SUPPLIED RECORDS
****************************************

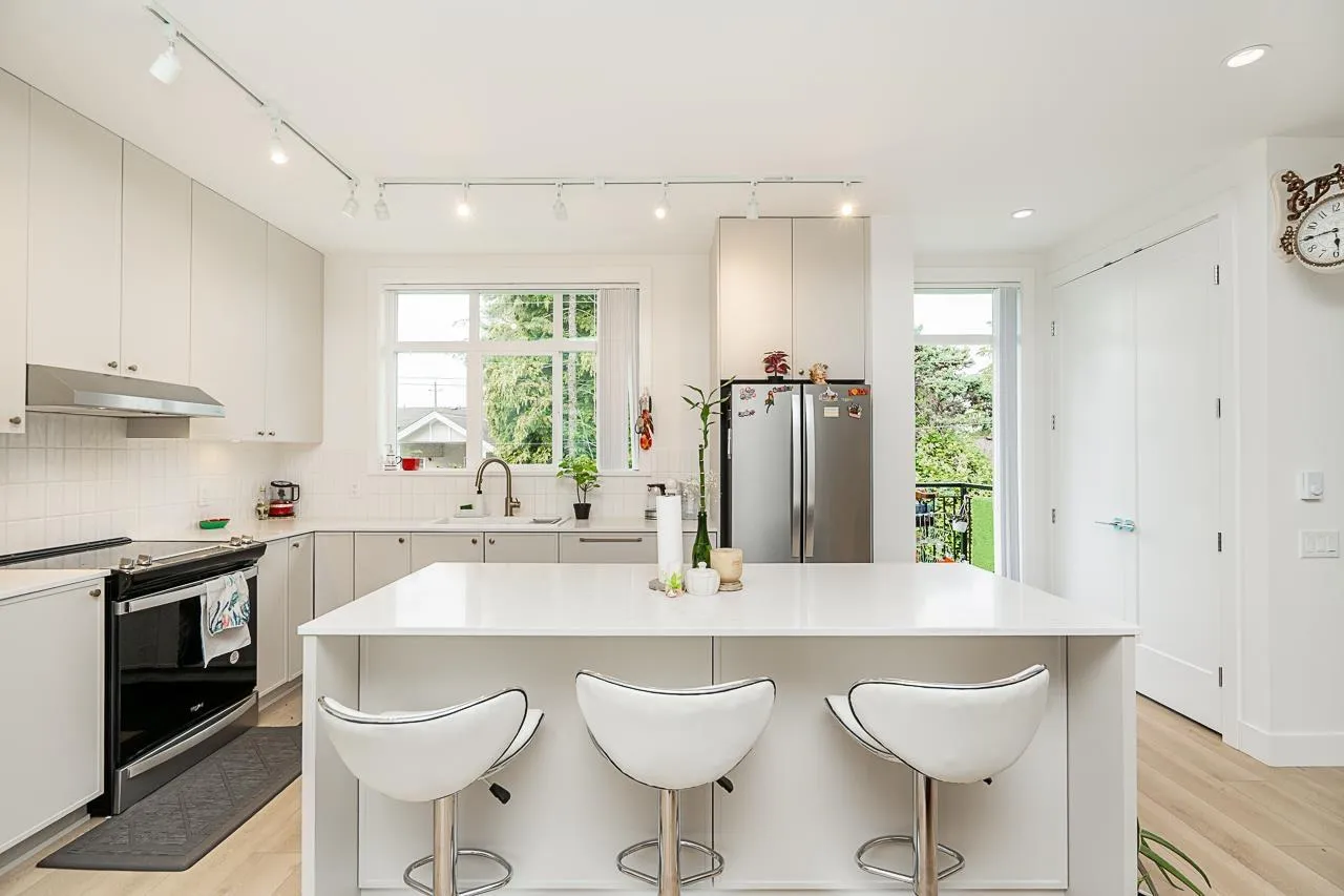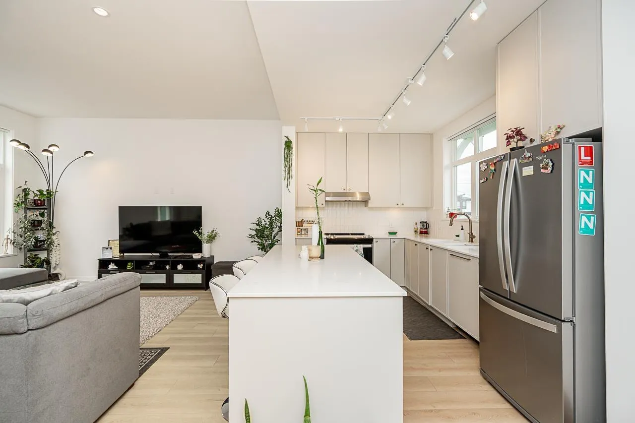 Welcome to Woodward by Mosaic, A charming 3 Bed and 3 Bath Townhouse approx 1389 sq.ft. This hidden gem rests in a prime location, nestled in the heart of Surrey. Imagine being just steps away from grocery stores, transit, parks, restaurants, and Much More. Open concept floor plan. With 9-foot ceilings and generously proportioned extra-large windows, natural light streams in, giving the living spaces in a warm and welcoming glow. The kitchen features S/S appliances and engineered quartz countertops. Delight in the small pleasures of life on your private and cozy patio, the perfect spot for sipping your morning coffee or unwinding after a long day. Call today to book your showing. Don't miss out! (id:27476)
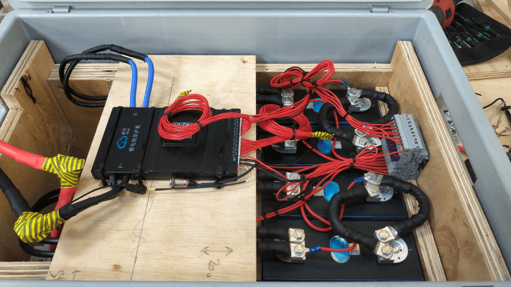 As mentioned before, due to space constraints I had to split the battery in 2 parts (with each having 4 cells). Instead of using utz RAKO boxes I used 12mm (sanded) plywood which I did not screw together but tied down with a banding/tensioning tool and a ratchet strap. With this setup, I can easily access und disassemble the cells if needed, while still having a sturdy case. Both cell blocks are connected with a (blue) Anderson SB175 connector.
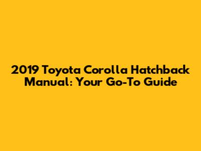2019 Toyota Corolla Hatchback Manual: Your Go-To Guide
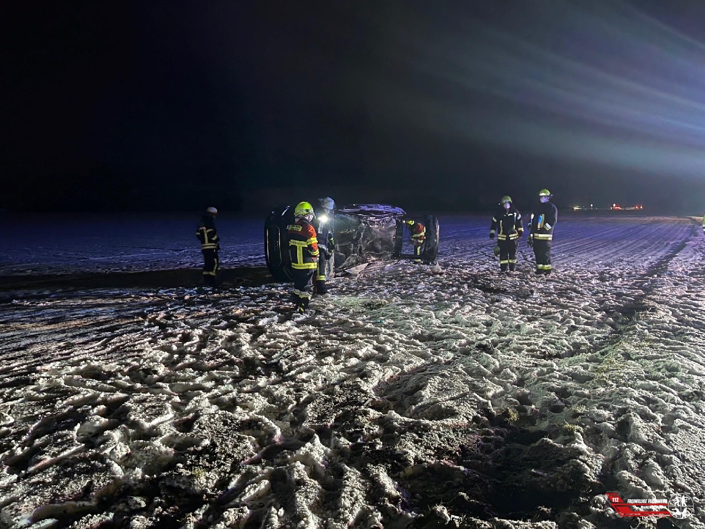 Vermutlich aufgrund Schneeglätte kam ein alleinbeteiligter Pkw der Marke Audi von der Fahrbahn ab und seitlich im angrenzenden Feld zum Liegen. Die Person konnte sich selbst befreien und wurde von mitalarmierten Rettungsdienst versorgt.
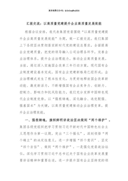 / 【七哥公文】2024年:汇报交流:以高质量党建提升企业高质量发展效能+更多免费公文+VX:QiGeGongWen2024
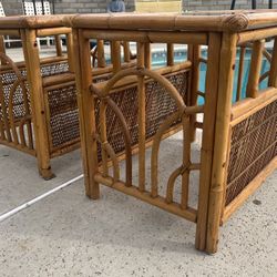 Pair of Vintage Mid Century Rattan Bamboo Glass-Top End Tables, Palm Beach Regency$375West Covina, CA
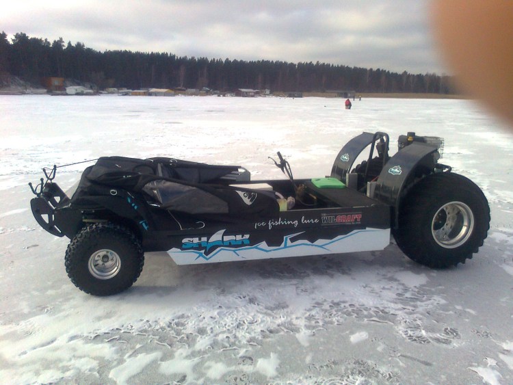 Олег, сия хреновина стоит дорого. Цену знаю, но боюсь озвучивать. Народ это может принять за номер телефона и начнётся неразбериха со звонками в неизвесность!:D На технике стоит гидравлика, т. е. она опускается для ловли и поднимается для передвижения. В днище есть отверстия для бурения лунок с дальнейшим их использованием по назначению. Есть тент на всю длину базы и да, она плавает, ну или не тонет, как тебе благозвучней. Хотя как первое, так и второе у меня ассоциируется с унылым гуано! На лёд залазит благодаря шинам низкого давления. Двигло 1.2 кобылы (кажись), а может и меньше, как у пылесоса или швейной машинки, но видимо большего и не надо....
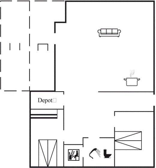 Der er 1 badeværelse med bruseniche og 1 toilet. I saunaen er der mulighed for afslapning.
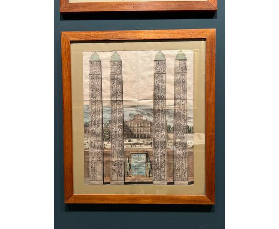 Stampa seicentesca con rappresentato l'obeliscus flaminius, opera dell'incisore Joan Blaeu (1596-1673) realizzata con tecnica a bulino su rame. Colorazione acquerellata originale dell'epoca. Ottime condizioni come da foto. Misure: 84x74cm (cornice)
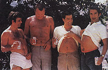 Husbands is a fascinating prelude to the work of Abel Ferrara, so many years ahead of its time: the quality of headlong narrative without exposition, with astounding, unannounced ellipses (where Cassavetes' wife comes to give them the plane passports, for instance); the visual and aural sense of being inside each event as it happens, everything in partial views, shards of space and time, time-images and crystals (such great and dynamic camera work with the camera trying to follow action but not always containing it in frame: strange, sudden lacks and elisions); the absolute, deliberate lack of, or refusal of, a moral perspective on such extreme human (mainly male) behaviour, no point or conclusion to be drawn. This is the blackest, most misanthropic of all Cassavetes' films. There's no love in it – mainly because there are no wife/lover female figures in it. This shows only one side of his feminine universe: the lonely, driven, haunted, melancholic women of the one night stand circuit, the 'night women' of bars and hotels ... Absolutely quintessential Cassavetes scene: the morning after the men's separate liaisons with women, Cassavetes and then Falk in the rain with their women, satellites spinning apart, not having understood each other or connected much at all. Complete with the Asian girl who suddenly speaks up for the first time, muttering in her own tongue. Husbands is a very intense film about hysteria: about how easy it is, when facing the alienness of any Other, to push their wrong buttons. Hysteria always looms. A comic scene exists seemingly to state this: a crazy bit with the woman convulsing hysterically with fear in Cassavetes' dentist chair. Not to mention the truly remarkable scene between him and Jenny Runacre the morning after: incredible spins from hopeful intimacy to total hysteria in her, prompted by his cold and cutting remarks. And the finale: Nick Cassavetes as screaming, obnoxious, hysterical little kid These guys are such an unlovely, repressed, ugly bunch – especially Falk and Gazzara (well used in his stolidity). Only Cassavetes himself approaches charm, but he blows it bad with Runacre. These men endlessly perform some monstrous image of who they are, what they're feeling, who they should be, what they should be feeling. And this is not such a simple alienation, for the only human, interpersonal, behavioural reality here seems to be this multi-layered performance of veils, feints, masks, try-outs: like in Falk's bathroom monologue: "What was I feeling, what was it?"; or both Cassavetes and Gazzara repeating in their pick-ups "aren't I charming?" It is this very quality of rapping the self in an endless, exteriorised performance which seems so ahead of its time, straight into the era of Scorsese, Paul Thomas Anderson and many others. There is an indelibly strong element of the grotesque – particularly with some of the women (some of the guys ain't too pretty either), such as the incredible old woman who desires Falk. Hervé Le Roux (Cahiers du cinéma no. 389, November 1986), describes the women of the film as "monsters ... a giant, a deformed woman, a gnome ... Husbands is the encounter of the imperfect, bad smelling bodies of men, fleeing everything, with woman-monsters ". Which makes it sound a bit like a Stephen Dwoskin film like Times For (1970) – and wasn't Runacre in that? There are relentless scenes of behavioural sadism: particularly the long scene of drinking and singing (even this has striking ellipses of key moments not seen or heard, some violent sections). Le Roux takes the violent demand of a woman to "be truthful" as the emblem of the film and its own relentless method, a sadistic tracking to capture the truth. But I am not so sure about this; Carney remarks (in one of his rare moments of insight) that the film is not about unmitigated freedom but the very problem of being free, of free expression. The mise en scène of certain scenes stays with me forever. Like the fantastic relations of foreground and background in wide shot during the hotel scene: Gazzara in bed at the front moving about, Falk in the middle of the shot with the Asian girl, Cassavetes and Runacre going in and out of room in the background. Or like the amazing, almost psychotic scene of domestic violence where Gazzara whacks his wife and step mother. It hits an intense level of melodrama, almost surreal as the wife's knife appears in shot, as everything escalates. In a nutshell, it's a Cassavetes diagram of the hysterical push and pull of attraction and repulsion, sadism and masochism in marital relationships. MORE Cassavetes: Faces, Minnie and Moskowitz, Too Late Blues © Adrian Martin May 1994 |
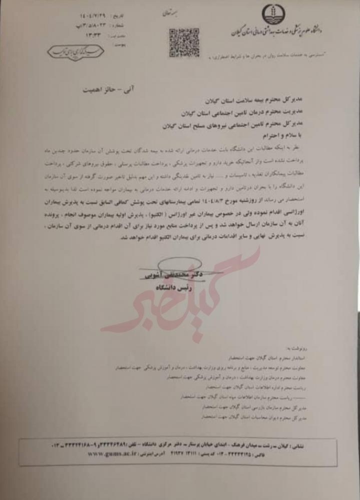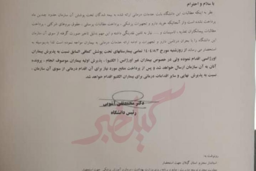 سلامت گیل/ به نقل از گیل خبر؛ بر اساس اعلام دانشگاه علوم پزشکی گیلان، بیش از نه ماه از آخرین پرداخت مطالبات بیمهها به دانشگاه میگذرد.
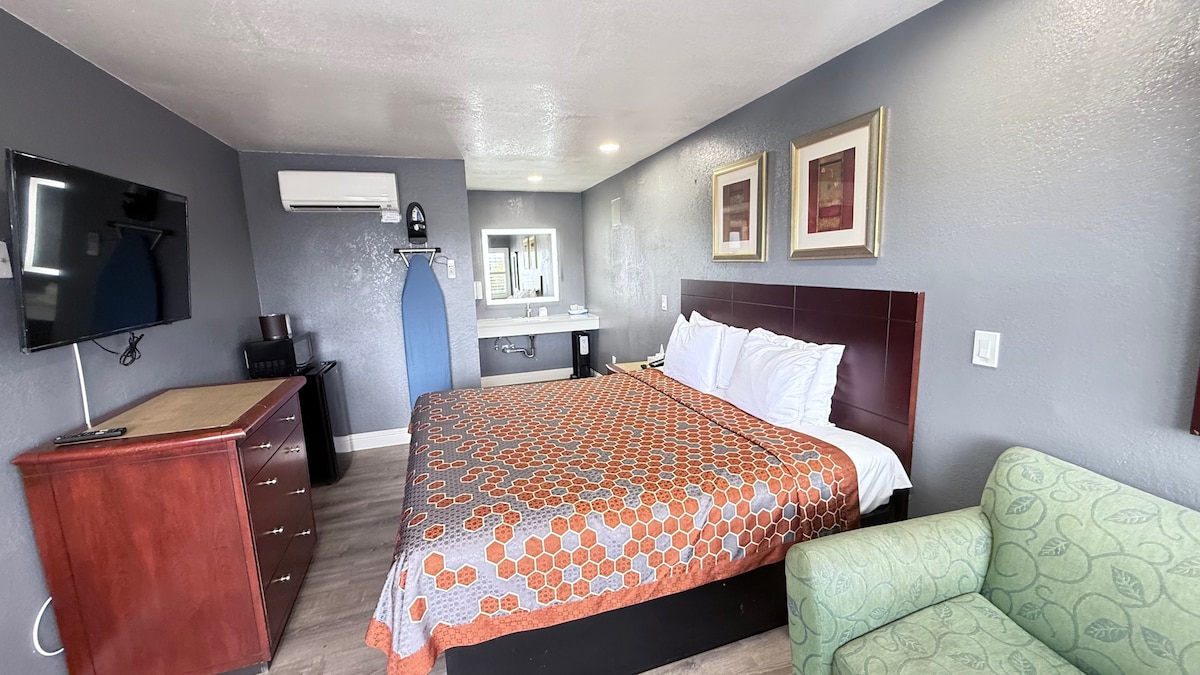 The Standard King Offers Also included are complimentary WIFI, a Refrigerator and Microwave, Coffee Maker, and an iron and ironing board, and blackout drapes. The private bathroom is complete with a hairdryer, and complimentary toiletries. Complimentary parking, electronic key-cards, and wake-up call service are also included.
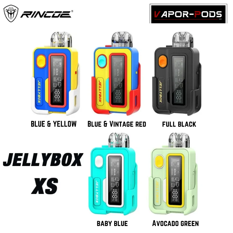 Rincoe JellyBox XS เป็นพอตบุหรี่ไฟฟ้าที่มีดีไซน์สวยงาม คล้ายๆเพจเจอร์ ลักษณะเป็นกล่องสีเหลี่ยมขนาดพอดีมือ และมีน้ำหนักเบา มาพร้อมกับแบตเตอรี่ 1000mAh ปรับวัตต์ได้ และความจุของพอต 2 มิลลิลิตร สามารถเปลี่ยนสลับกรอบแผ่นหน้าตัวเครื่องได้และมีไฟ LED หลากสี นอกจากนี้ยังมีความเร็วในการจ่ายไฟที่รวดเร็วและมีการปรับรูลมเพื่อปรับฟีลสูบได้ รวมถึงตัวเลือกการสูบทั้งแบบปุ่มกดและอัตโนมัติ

****************************************

AIM OF THE EXERCISE
Omit pictures and output the listing exactly.

SOLUTION FOR THIS PROBLEM
 Welcome to Woodward by Mosaic, A charming 3 Bed and 3 Bath Townhouse approx 1389 sq.ft. This hidden gem rests in a prime location, nestled in the heart of Surrey. Imagine being just steps away from grocery stores, transit, parks, restaurants, and Much More. Open concept floor plan. With 9-foot ceilings and generously proportioned extra-large windows, natural light streams in, giving the living spaces in a warm and welcoming glow. The kitchen features S/S appliances and engineered quartz countertops. Delight in the small pleasures of life on your private and cozy patio, the perfect spot for sipping your morning coffee or unwinding after a long day. Call today to book your showing. Don't miss out! (id:27476)
 As mentioned before, due to space constraints I had to split the battery in 2 parts (with each having 4 cells). Instead of using utz RAKO boxes I used 12mm (sanded) plywood which I did not screw together but tied down with a banding/tensioning tool and a ratchet strap. With this setup, I can easily access und disassemble the cells if needed, while still having a sturdy case. Both cell blocks are connected with a (blue) Anderson SB175 connector.
2019 Toyota Corolla Hatchback Manual: Your Go-To Guide
 Vermutlich aufgrund Schneeglätte kam ein alleinbeteiligter Pkw der Marke Audi von der Fahrbahn ab und seitlich im angrenzenden Feld zum Liegen. Die Person konnte sich selbst befreien und wurde von mitalarmierten Rettungsdienst versorgt.
 / 【七哥公文】2024年:汇报交流:以高质量党建提升企业高质量发展效能+更多免费公文+VX:QiGeGongWen2024
 Pair of Vintage Mid Century Rattan Bamboo Glass-Top End Tables, Palm Beach Regency$375West Covina, CA
 Олег, сия хреновина стоит дорого. Цену знаю, но боюсь озвучивать. Народ это может принять за номер телефона и начнётся неразбериха со звонками в неизвесность!:D На технике стоит гидравлика, т. е. она опускается для ловли и поднимается для передвижения. В днище есть отверстия для бурения лунок с дальнейшим их использованием по назначению. Есть тент на всю длину базы и да, она плавает, ну или не тонет, как тебе благозвучней. Хотя как первое, так и второе у меня ассоциируется с унылым гуано! На лёд залазит благодаря шинам низкого давления. Двигло 1.2 кобылы (кажись), а может и меньше, как у пылесоса или швейной машинки, но видимо большего и не надо....
 Der er 1 badeværelse med bruseniche og 1 toilet. I saunaen er der mulighed for afslapning.
 Stampa seicentesca con rappresentato l'obeliscus flaminius, opera dell'incisore Joan Blaeu (1596-1673) realizzata con tecnica a bulino su rame. Colorazione acquerellata originale dell'epoca. Ottime condizioni come da foto. Misure: 84x74cm (cornice)
 Husbands is a fascinating prelude to the work of Abel Ferrara, so many years ahead of its time: the quality of headlong narrative without exposition, with astounding, unannounced ellipses (where Cassavetes' wife comes to give them the plane passports, for instance); the visual and aural sense of being inside each event as it happens, everything in partial views, shards of space and time, time-images and crystals (such great and dynamic camera work with the camera trying to follow action but not always containing it in frame: strange, sudden lacks and elisions); the absolute, deliberate lack of, or refusal of, a moral perspective on such extreme human (mainly male) behaviour, no point or conclusion to be drawn. This is the blackest, most misanthropic of all Cassavetes' films. There's no love in it – mainly because there are no wife/lover female figures in it. This shows only one side of his feminine universe: the lonely, driven, haunted, melancholic women of the one night stand circuit, the 'night women' of bars and hotels ... Absolutely quintessential Cassavetes scene: the morning after the men's separate liaisons with women, Cassavetes and then Falk in the rain with their women, satellites spinning apart, not having understood each other or connected much at all. Complete with the Asian girl who suddenly speaks up for the first time, muttering in her own tongue. Husbands is a very intense film about hysteria: about how easy it is, when facing the alienness of any Other, to push their wrong buttons. Hysteria always looms. A comic scene exists seemingly to state this: a crazy bit with the woman convulsing hysterically with fear in Cassavetes' dentist chair. Not to mention the truly remarkable scene between him and Jenny Runacre the morning after: incredible spins from hopeful intimacy to total hysteria in her, prompted by his cold and cutting remarks. And the finale: Nick Cassavetes as screaming, obnoxious, hysterical little kid These guys are such an unlovely, repressed, ugly bunch – especially Falk and Gazzara (well used in his stolidity). Only Cassavetes himself approaches charm, but he blows it bad with Runacre. These men endlessly perform some monstrous image of who they are, what they're feeling, who they should be, what they should be feeling. And this is not such a simple alienation, for the only human, interpersonal, behavioural reality here seems to be this multi-layered performance of veils, feints, masks, try-outs: like in Falk's bathroom monologue: "What was I feeling, what was it?"; or both Cassavetes and Gazzara repeating in their pick-ups "aren't I charming?" It is this very quality of rapping the self in an endless, exteriorised performance which seems so ahead of its time, straight into the era of Scorsese, Paul Thomas Anderson and many others. There is an indelibly strong element of the grotesque – particularly with some of the women (some of the guys ain't too pretty either), such as the incredible old woman who desires Falk. Hervé Le Roux (Cahiers du cinéma no. 389, November 1986), describes the women of the film as "monsters ... a giant, a deformed woman, a gnome ... Husbands is the encounter of the imperfect, bad smelling bodies of men, fleeing everything, with woman-monsters ". Which makes it sound a bit like a Stephen Dwoskin film like Times For (1970) – and wasn't Runacre in that? There are relentless scenes of behavioural sadism: particularly the long scene of drinking and singing (even this has striking ellipses of key moments not seen or heard, some violent sections). Le Roux takes the violent demand of a woman to "be truthful" as the emblem of the film and its own relentless method, a sadistic tracking to capture the truth. But I am not so sure about this; Carney remarks (in one of his rare moments of insight) that the film is not about unmitigated freedom but the very problem of being free, of free expression. The mise en scène of certain scenes stays with me forever. Like the fantastic relations of foreground and background in wide shot during the hotel scene: Gazzara in bed at the front moving about, Falk in the middle of the shot with the Asian girl, Cassavetes and Runacre going in and out of room in the background. Or like the amazing, almost psychotic scene of domestic violence where Gazzara whacks his wife and step mother. It hits an intense level of melodrama, almost surreal as the wife's knife appears in shot, as everything escalates. In a nutshell, it's a Cassavetes diagram of the hysterical push and pull of attraction and repulsion, sadism and masochism in marital relationships. MORE Cassavetes: Faces, Minnie and Moskowitz, Too Late Blues © Adrian Martin May 1994 |
 سلامت گیل/ به نقل از گیل خبر؛ بر اساس اعلام دانشگاه علوم پزشکی گیلان، بیش از نه ماه از آخرین پرداخت مطالبات بیمهها به دانشگاه میگذرد.
 The Standard King Offers Also included are complimentary WIFI, a Refrigerator and Microwave, Coffee Maker, and an iron and ironing board, and blackout drapes. The private bathroom is complete with a hairdryer, and complimentary toiletries. Complimentary parking, electronic key-cards, and wake-up call service are also included.
 Rincoe JellyBox XS เป็นพอตบุหรี่ไฟฟ้าที่มีดีไซน์สวยงาม คล้ายๆเพจเจอร์ ลักษณะเป็นกล่องสีเหลี่ยมขนาดพอดีมือ และมีน้ำหนักเบา มาพร้อมกับแบตเตอรี่ 1000mAh ปรับวัตต์ได้ และความจุของพอต 2 มิลลิลิตร สามารถเปลี่ยนสลับกรอบแผ่นหน้าตัวเครื่องได้และมีไฟ LED หลากสี นอกจากนี้ยังมีความเร็วในการจ่ายไฟที่รวดเร็วและมีการปรับรูลมเพื่อปรับฟีลสูบได้ รวมถึงตัวเลือกการสูบทั้งแบบปุ่มกดและอัตโนมัติ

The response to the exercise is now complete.